Input data —
/---
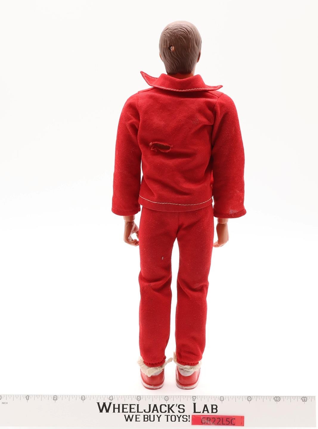 Accessories: Clothing shows some wear, especially the legs of his pants. Shoes, socks, a booklet, and the original motor engine block are included. Comes as shown.
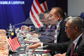 Canada's Prime Minister Mark Carney, left, meets with Malaysia's Prime Minister Anwar Ibrahim, second right, during a bilateral meeting on the sidelines of the Association of Southeast Asian Nations (ASEAN) Summit at the Kuala Lumpur Convention Centre (KLCC) in Kuala Lumpur, Malaysia, Monday, Oct. 27, 2025. (Fazry Ismail/Pool Photo via AP)
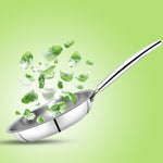 Upgrade your kitchen with the Garuda Triply Frypan, designed for efficient, healthy, and long-lasting cooking performance. This premium triply stainless steel frypan is built using advanced 3-layer bonded construction consisting of 18/10 food-grade stainless steel on the interior, a thick aluminum core in the center, and durable stainless steel on the exterior. The aluminum core ensures rapid and even heat distribution across both the base and side walls, eliminating hotspots and allowing food to cook evenly. This improves cooking efficiency and helps reduce the amount of oil required, making the frypan a healthier alternative to traditional non-stick cookware.
\---
Task description — Print the data word for word and omit the pictures.

Answer to this task —
 Accessories: Clothing shows some wear, especially the legs of his pants. Shoes, socks, a booklet, and the original motor engine block are included. Comes as shown.
 Canada's Prime Minister Mark Carney, left, meets with Malaysia's Prime Minister Anwar Ibrahim, second right, during a bilateral meeting on the sidelines of the Association of Southeast Asian Nations (ASEAN) Summit at the Kuala Lumpur Convention Centre (KLCC) in Kuala Lumpur, Malaysia, Monday, Oct. 27, 2025. (Fazry Ismail/Pool Photo via AP)
 Upgrade your kitchen with the Garuda Triply Frypan, designed for efficient, healthy, and long-lasting cooking performance. This premium triply stainless steel frypan is built using advanced 3-layer bonded construction consisting of 18/10 food-grade stainless steel on the interior, a thick aluminum core in the center, and durable stainless steel on the exterior. The aluminum core ensures rapid and even heat distribution across both the base and side walls, eliminating hotspots and allowing food to cook evenly. This improves cooking efficiency and helps reduce the amount of oil required, making the frypan a healthier alternative to traditional non-stick cookware.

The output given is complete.